_EXERCISE AIM_
For the entries below, return every line from the top through the line with "Номер | VW75007 |" exactly as it stands, omitting pictures.
══ DATA TO EXAMINE
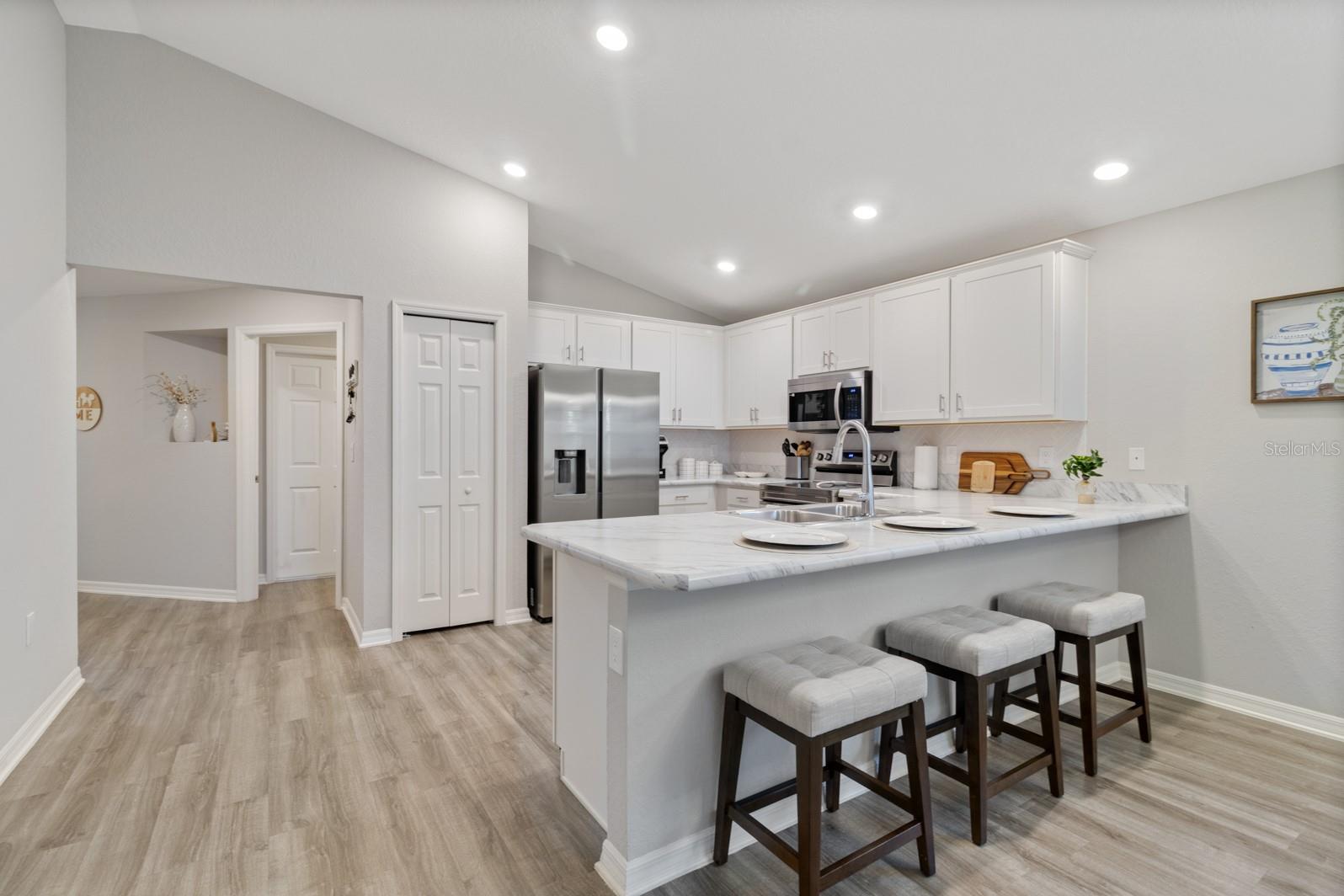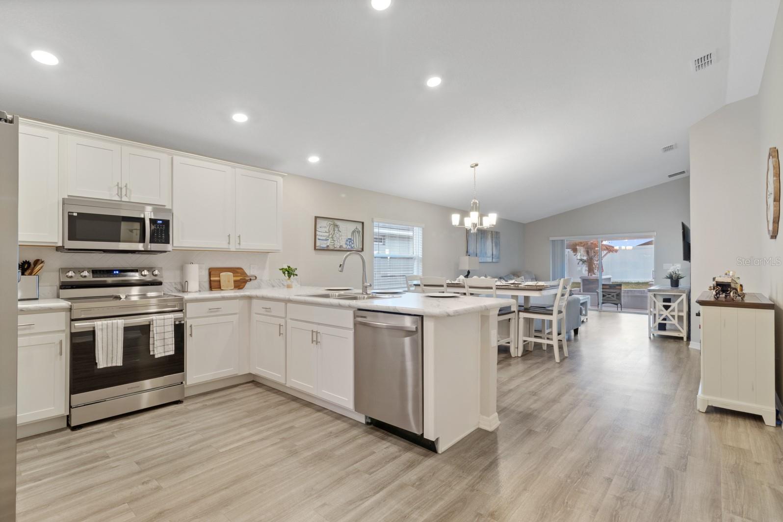 Entre nessa casa convidativa, onde estilo, conforto e conveniência se reúnem. Um layout aberto e aberto conecta perfeitamente a sala de reuniões, refeições e cozinha, todas colocadas sob tetos arejados de volume. A cozinha é um verdadeiro destaque com utensílios de aço inoxidável-incluindo uma faixa com um recurso de fritura de ar, uma despensa espaçosa, backsplash elegante e uma generosa bar de café da manhã de contra-altura, perfeita para refeições casuais ou divertidos. Em toda a casa, o piso de tábua de vinil de madeira de luxo aprimora as áreas de estar, lavanderia e banheiros, enquanto o tapete resistente a manchas acrescenta calor aos quartos. A suíte do proprietário oferece um retiro privado com um guarda-roupa e um banho de suíte com pias duplas, armários de estilo shaker que combinam com a cozinha, bancadas altas, um chuveiro e um armário de linho conveniente. Detalhes pensativos adicionais incluem uma lavanderia dedicada, persianas de janelas personalizadas, telhas arquitetônicas, isolamento e janelas com eficiência energética e uma varanda da frente coberta acolhedora que aprimora o apelo do meio-fio da casa. A vida ao ar livre é igualmente convidativa. Relaxe na linha coberta e coberta com um ventilador de teto, colocado em pavimentadoras de tijolos recém -instaladas e complete com acesso a água quente e fria. A propriedade também oferece atualizações práticas, como uma conexão externa do gerador, já no lugar, calhas de chuva, um sistema de irrigação e uma cerca de privacidade de vinil. Sem vizinhos traseiros, você desfrutará de paz e privacidade. Finalmente, a localização é imbatível. Convenientemente perto de Posner Park e Champions Gate, oferecendo fácil acesso a compras, restaurantes e grandes estradas. Esta casa combina perfeitamente atualizações modernas, design funcional e uma localização privilegiada.
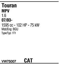 | Номер | VW75007 |
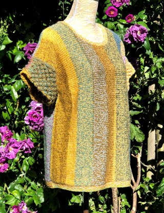 A perfect slouchy, boyfriend style thrown on top. Just 2 pieces form the main part of this intriguing, sideways knitted design. It looks striking in this gorgeous multi-coloured yarn and because it is worked sideways the vertical striped effect is very flattering. It's worked mainly in stocking stitch with deep bramble stitch sleeve borders incorporated into the back and front. Narrow garter stitch edgings complete the design. Please note: the second size used exactly 2 balls, so it is important your tension is correct. If you do find you are slightly short, you could reduce the lower edge borders by 2 rows, or use an odd bit of toning plain chunky to do both neck and lower borders.
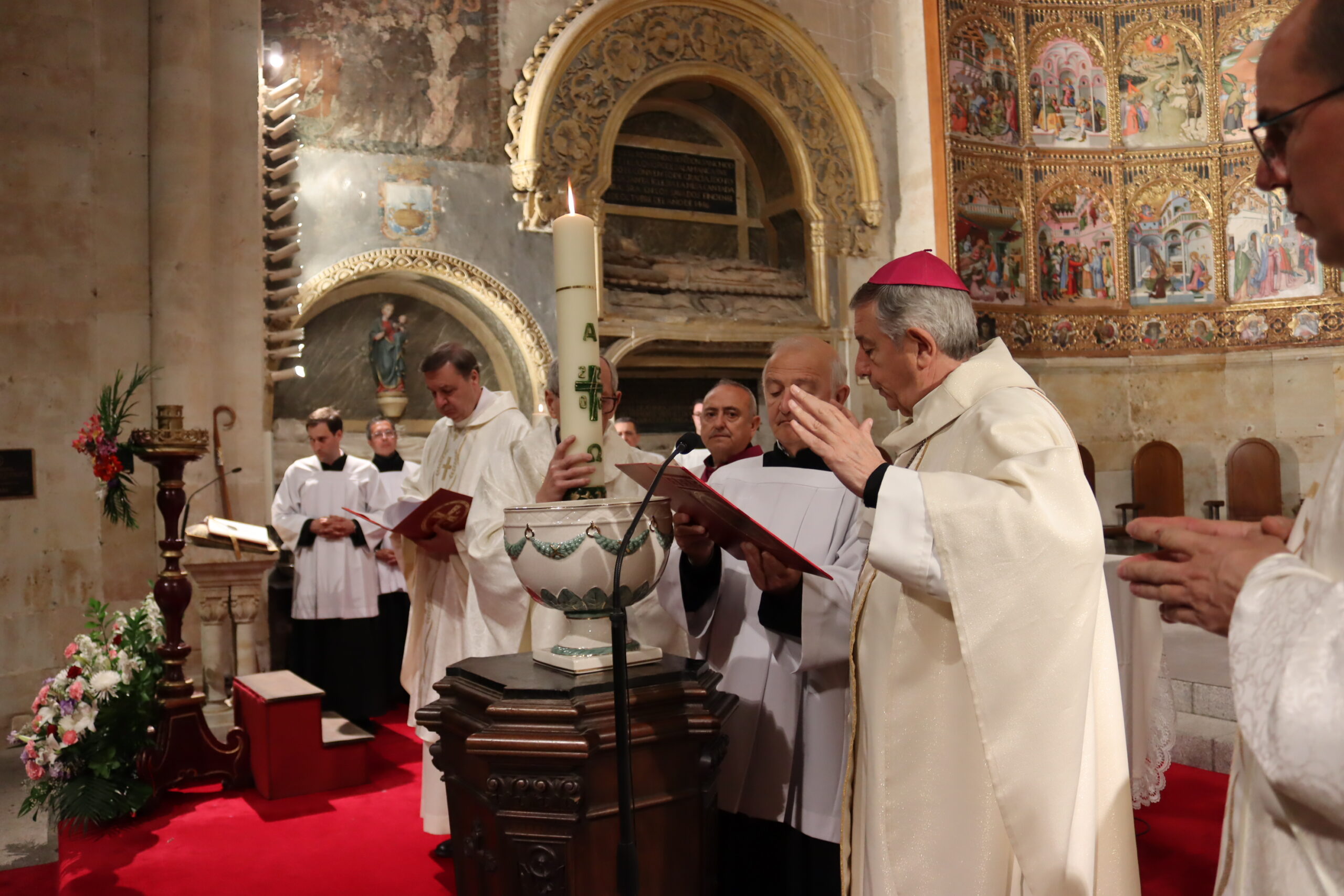 El pasado 4 de abril, en la Vigilia Pascual celebrada en la catedral de Salamanca, Monseñor José Luis Retana administró el bautismo, la confirmación y la eucaristía a 4 universitarios salmantinos. Todos ellos habían solicitado ser bautizados después de un encuentro personal con Jesucristo y que transcurrió por distintos caminos. Culminaba así un período de preparación de dos años. Ha sido una alegría para toda la Pastoral Universitaria.
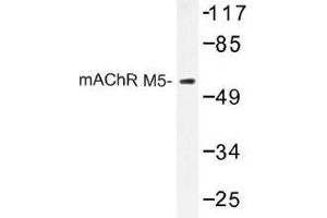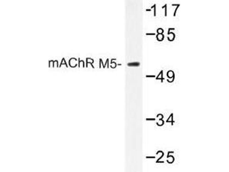 The muscarinic acetylcholine receptors (mAChR) mediate a variety of cellular responses, including inhibition of adenylate cyclase, breakdown of phosphoinositides and modulation of potassium channels. The mAChRs transducer signals by coupling to G-proteins, which then modulate several downstream effector proteins and ion channels. Five mAChR subtypes have been identified, designated M1 to M5. The five receptor subtypes show distinct patterns of tissue distribution, as well as distinct pharmacological and functional properties. The amino acid sequence of each mAChR subtype reflects a structure that is characteristic of G-protein coupled receptors, consisting of seven highly conserved transmembrane segments and a large intracellular region unique to each subtype, which constitutes the effector-coupling domain.Synonyms: CHRM5, mAChR M5, mAChR-M5
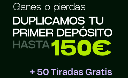 Empieza a apostar ahora en RETAbet con su bono de bienvenida de hasta 150€. Te duplican tu primer depósito hasta 150€ después de que hayas hecho tu primera apuesta, independientemente de que la ganes o la pierdas. Además, también te regalan 50 tiradas gratis para utilizarlas en su casino. Te recomendamos que eches un vistazo a la review del bono de RETAbet.
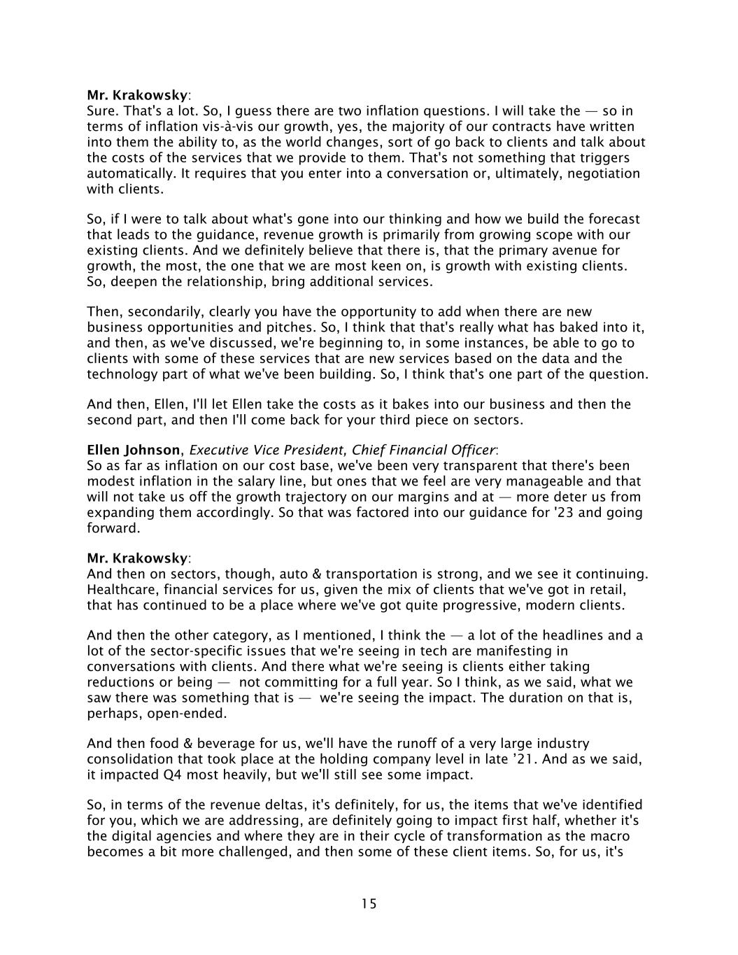 15 Mr. Krakowsky: Sure. That's a lot. So, I guess there are two inflation questions. I will take the — so in terms of inflation vis-à-vis our growth, yes, the majority of our contracts have written into them the ability to, as the world changes, sort of go back to clients and talk about the costs of the services that we provide to them. That's not something that triggers automatically. It requires that you enter into a conversation or, ultimately, negotiation with clients. So, if I were to talk about what's gone into our thinking and how we build the forecast that leads to the guidance, revenue growth is primarily from growing scope with our existing clients. And we definitely believe that there is, that the primary avenue for growth, the most, the one that we are most keen on, is growth with existing clients. So, deepen the relationship, bring additional services. Then, secondarily, clearly you have the opportunity to add when there are new business opportunities and pitches. So, I think that that's really what has baked into it, and then, as we've discussed, we're beginning to, in some instances, be able to go to clients with some of these services that are new services based on the data and the technology part of what we've been building. So, I think that's one part of the question. And then, Ellen, I'll let Ellen take the costs as it bakes into our business and then the second part, and then I'll come back for your third piece on sectors. Ellen Johnson, Executive Vice President, Chief Financial Officer: So as far as inflation on our cost base, we've been very transparent that there's been modest inflation in the salary line, but ones that we feel are very manageable and that will not take us off the growth trajectory on our margins and at — more deter us from expanding them accordingly. So that was factored into our guidance for '23 and going forward. Mr. Krakowsky: And then on sectors, though, auto & transportation is strong, and we see it continuing. Healthcare, financial services for us, given the mix of clients that we've got in retail, that has continued to be a place where we've got quite progressive, modern clients. And then the other category, as I mentioned, I think the — a lot of the headlines and a lot of the sector-specific issues that we're seeing in tech are manifesting in conversations with clients. And there what we're seeing is clients either taking reductions or being — not committing for a full year. So I think, as we said, what we saw there was something that is — we're seeing the impact. The duration on that is, perhaps, open-ended. And then food & beverage for us, we'll have the runoff of a very large industry consolidation that took place at the holding company level in late ’21. And as we said, it impacted Q4 most heavily, but we'll still see some impact. So, in terms of the revenue deltas, it's definitely, for us, the items that we've identified for you, which we are addressing, are definitely going to impact first half, whether it's the digital agencies and where they are in their cycle of transformation as the macro becomes a bit more challenged, and then some of these client items. So, for us, it's
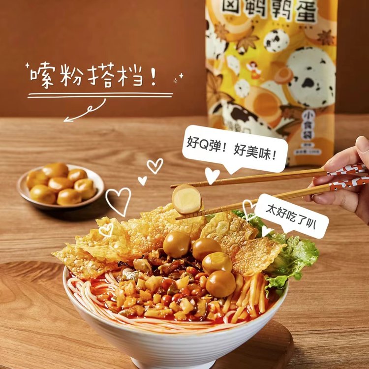 甄选新鲜、优质鹌鹑蛋,新鲜卤制,地道卤水超够味!每一颗都Q弹爽口、劲道十足!好粉配鹌鹑,宵夜更销魂!
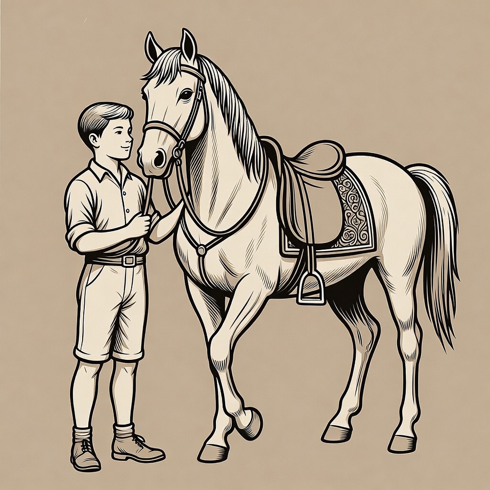 A line art illustration depicts a young boy in short-sleeved shirt, shorts, and boots standing beside a tall saddled horse on a beige background. The boy holds the reins gently while looking at the horse's face. The horse stands calmly with ornate saddle details and flowing mane.
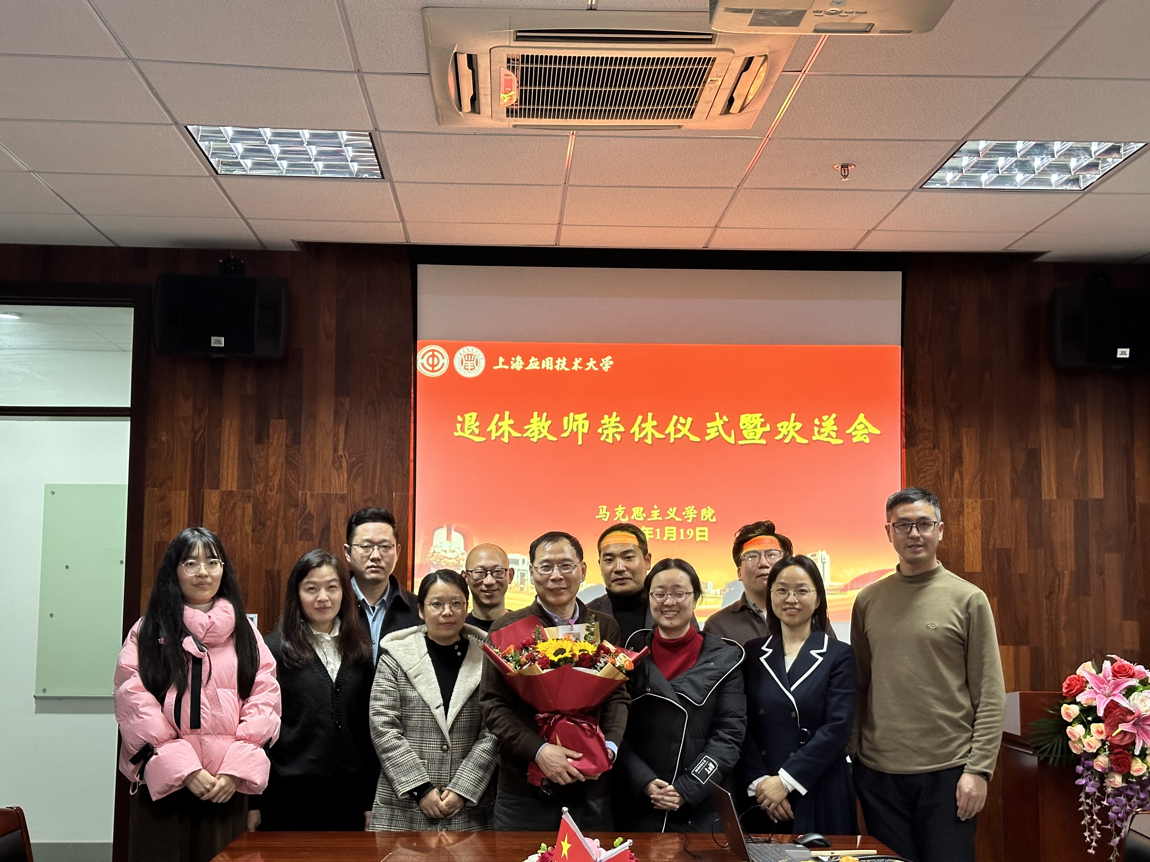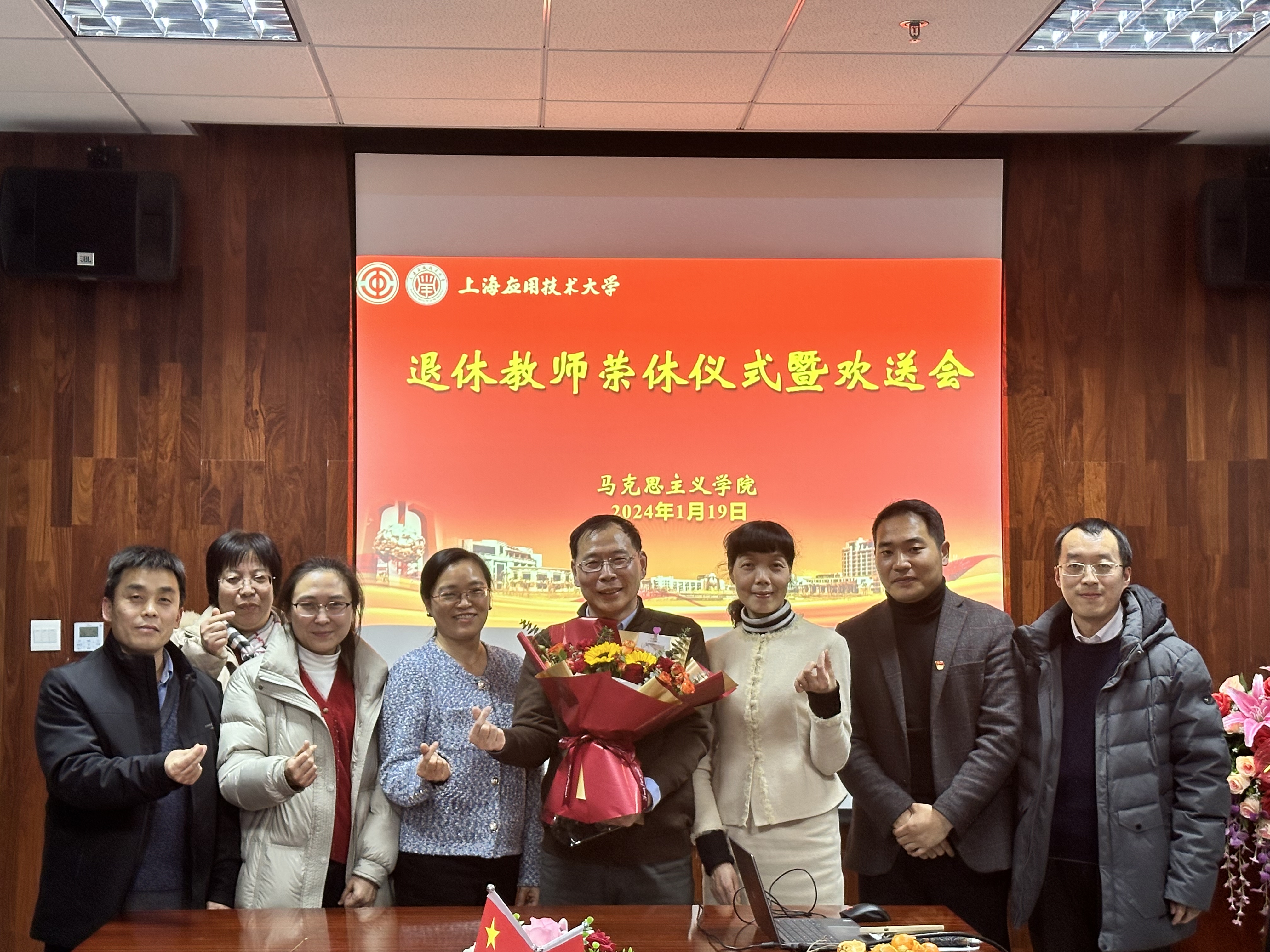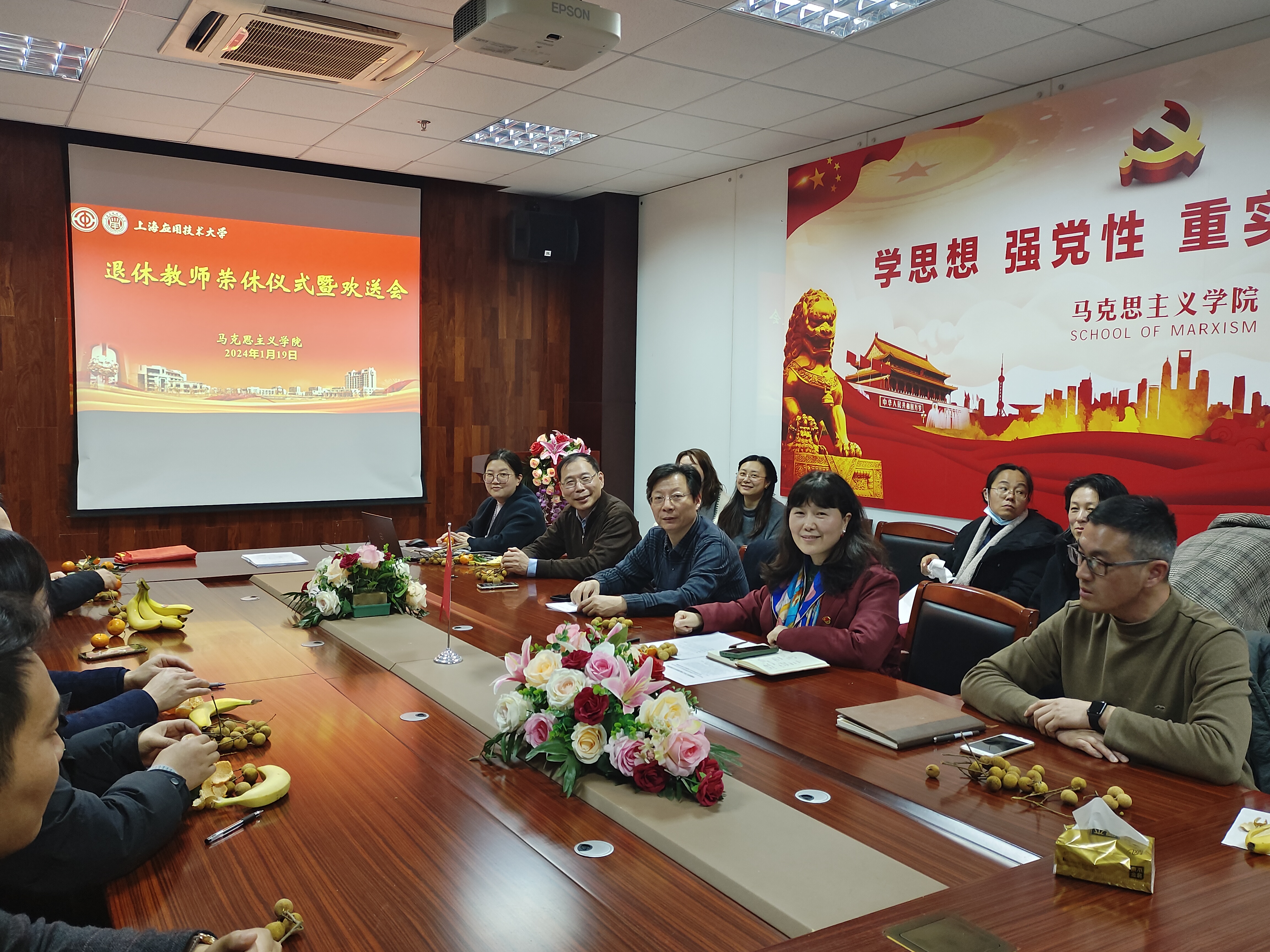 2024年1月19日,六科A419会议室里其乐融融,马克思主义学院教师们齐聚一堂,共同为退休教师王雪敏举行荣休仪式暨欢送会。学院直属党支部副书记、分工会主席牛亏环主持,马克思主义学院全体教师参加。
════
_WRITTEN RESPONSE_
 Entre nessa casa convidativa, onde estilo, conforto e conveniência se reúnem. Um layout aberto e aberto conecta perfeitamente a sala de reuniões, refeições e cozinha, todas colocadas sob tetos arejados de volume. A cozinha é um verdadeiro destaque com utensílios de aço inoxidável-incluindo uma faixa com um recurso de fritura de ar, uma despensa espaçosa, backsplash elegante e uma generosa bar de café da manhã de contra-altura, perfeita para refeições casuais ou divertidos. Em toda a casa, o piso de tábua de vinil de madeira de luxo aprimora as áreas de estar, lavanderia e banheiros, enquanto o tapete resistente a manchas acrescenta calor aos quartos. A suíte do proprietário oferece um retiro privado com um guarda-roupa e um banho de suíte com pias duplas, armários de estilo shaker que combinam com a cozinha, bancadas altas, um chuveiro e um armário de linho conveniente. Detalhes pensativos adicionais incluem uma lavanderia dedicada, persianas de janelas personalizadas, telhas arquitetônicas, isolamento e janelas com eficiência energética e uma varanda da frente coberta acolhedora que aprimora o apelo do meio-fio da casa. A vida ao ar livre é igualmente convidativa. Relaxe na linha coberta e coberta com um ventilador de teto, colocado em pavimentadoras de tijolos recém -instaladas e complete com acesso a água quente e fria. A propriedade também oferece atualizações práticas, como uma conexão externa do gerador, já no lugar, calhas de chuva, um sistema de irrigação e uma cerca de privacidade de vinil. Sem vizinhos traseiros, você desfrutará de paz e privacidade. Finalmente, a localização é imbatível. Convenientemente perto de Posner Park e Champions Gate, oferecendo fácil acesso a compras, restaurantes e grandes estradas. Esta casa combina perfeitamente atualizações modernas, design funcional e uma localização privilegiada.
 | Номер | VW75007 |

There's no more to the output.